Isis gave her that smile, the one that was smug and disinterested at the same time. "I won't take action against an entity that is an original Architect of the universe, either yours or mine. I would never presume to be in a position to judge his actions."

"What if he seeks to attack the Forsaken Land after he finishes with Earth?" Lieutenant Robinson challenged.

"The nature of the First World doesn't allow for a binary status," Isis said. "The physical form binds us. Our spirit and our bodies are not divisible. Therefore, Mot couldn't separate our form from our spirits if he tried. We have nothing to offer the one you call Johnny Rotten."

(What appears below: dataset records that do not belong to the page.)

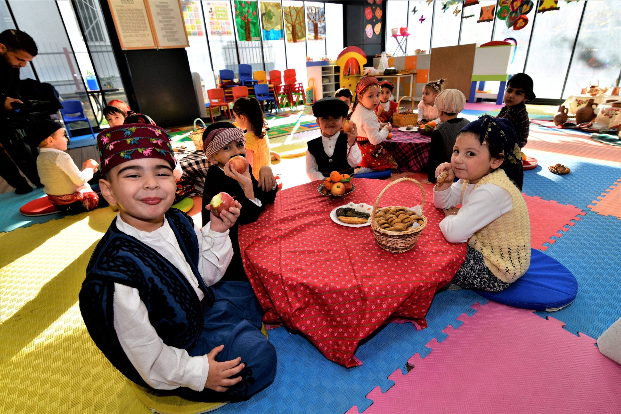 Merkezden yararlanan 3-6 yaş arası minikler, getirdikleri yiyeceklerin yetiştiği yörelere ait kıyafetler giyerek yerli üretimin önemine dikkat çekti.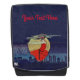 This Bold Face adult backpack with a interchangeable front face has a magical woman with star dust coming from her finger tips and wearing a red dress floating over a night time city skyline in front of a full yellow moon with mysterious grey clouds. Customise your text with the template.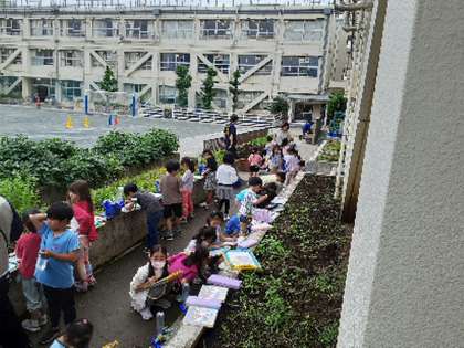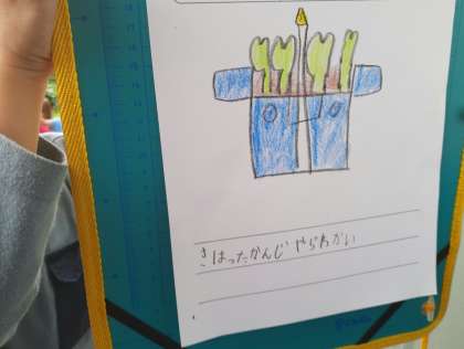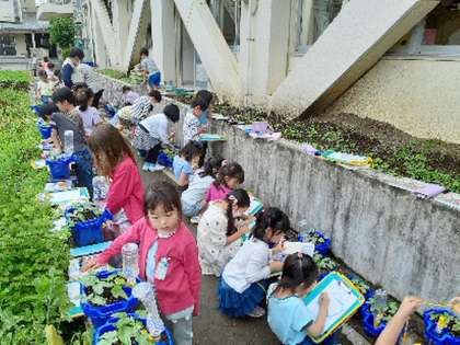 1年生が生活科で育てているアサガオの観察を行いました。毎朝一生懸命に水やりをしている姿を見かけます。徐々に大きくなるアサガオの様子をとても喜んでいました。さわった感じ、大きさ、においなど、今日の時点でのアサガオの様子全てを記録しようと頑張っていました。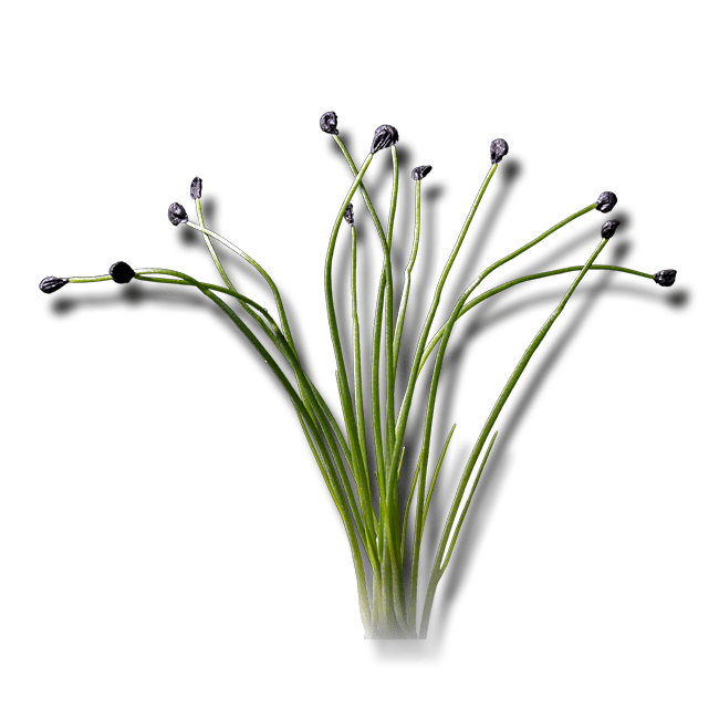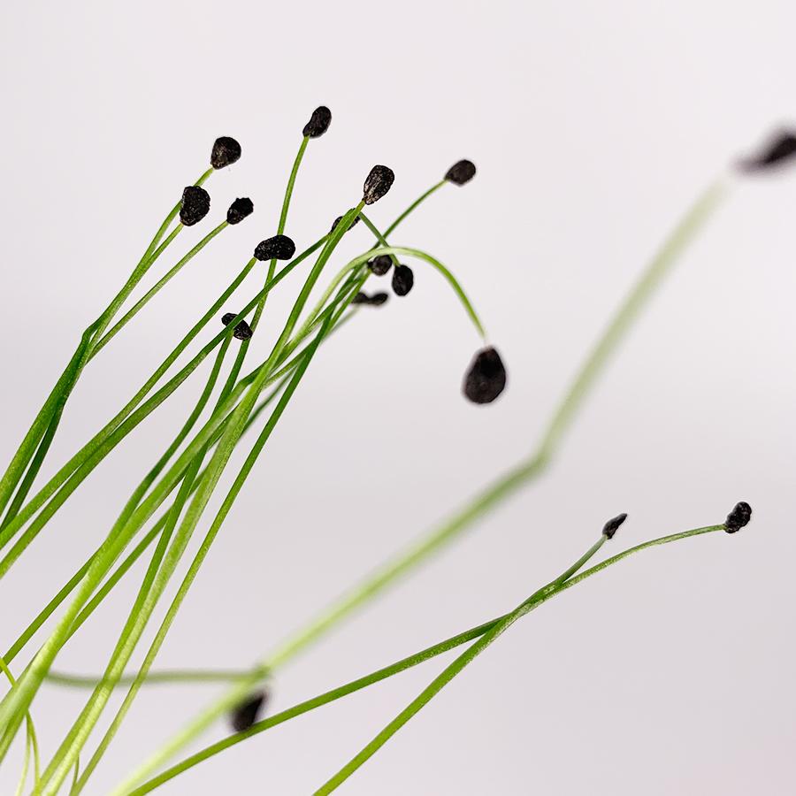ロックチャイブ 」は、スタイリッシュな容姿と、ほのかなガーリックの風味が特徴です。先端にある黒い帽子はシードポットと言って、タネの外皮で、加熱するとクリスピーな食感を楽しむことができます。 ロックチャイブは野菜をはじめ魚や肉料理によく合い、村上農園マイクロ。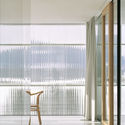 La antigua sala de producción fue renovada con un poco de trabajo y a reanudado su función. El recubrimiento de las construcciones preservadas tanto como la de los nuevos volúmenes, en sus cuatro niveles, es una cortina de láminas de plexiglas onduladas transparentes. Esta segunda piel proporciona un aislamiento adicional así como también protege el aislamiento inacabado de la fachada de paneles de madera cementados. A través de esta fachada externa la luz natural entra difusa en las habitaciones y es posible regular el grado de privacidad con estos elementos deslizantes.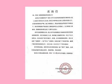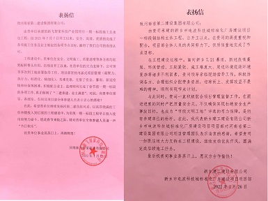 112022.02新乡建工建设有限公司和河南新飞智家科技有限公司向开云网页版-kaiyun开云(中国) 发来表扬信 -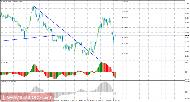 Технический анализ природного газа за 8 января 2018 годаИнстаФорекс - Instaforex, 7 лет назад 4-часовой таймфрейм Анализ: Цена на природный газ в пятницу, 5 января, продолжала корректироваться. Оба индикатора направлены вниз, однако понижаться они начали гораздо раньше, чем произошел разворот цены. Восходящей линии тренда по-прежнему нет, однако в ближайшее время она может быть построена. В начале новой недели цена уже успела закрепиться выше уровня сопротивления R1, что дает неплохие шансы на движение вверх в течение сегодняшнего дня. Разворот одного или обоих индикаторов наверх также может просигнализировать о завершении нисходящей коррекции. Торговые рекомендации: По инструменту #NG сейчас рекомендуется рассматривать лонги с целями 2,9500 и 3,0750. Стоп-лосс выставляется ниже ближайшего уровня поддержки. Рекомендуется выставить Stop Loss в зону безубытка при прибыльности сделки 800-1000 пунктов. Закрепление цены ниже 2,8240 может указать на новый виток коррекции. На сегодня нет запланированных новостей, касающихся газа. Ордера на продажу пока что не актуальны. Помимо технической картины следует также учитывать фундаментальные данные и время их выхода. Пояснения к иллюстрациям: Awesome Oscillator – красные и зеленые бары в окне индикаторов. OsMA – серые бары в окне индикаторов. Линии тренда – синие линии. Уровни поддержки и сопротивления – красные горизонтальные линии.Материал предоставлен компанией InstaForex - www.instaforex.com |

"Maybe he wants to eliminate the possibility of an enemy," the lieutenant suggested.

"He wants a family," Isis contradicted. "We're not his enemy."

"If you're not our friend, then you stand against us," Lieutenant Robinson declared.

Isis shook her head. "It isn't one or the other. It's something else. You're welcome to stay and rest. Time beyond the Forsaken Land stands still. You can take a moment to gather your wits. You'll need them."

Isis took her leave. The Misfits remained near a hut covered with branches. Trey studied the fronds and leaves, wondering about the Ghosts that kept the flora from attacking. It would be nice to rest. He had the chance to sleep in the Garden of Eden! He looked at the lieutenant.

She sighed. "Four hours. Then Rotten."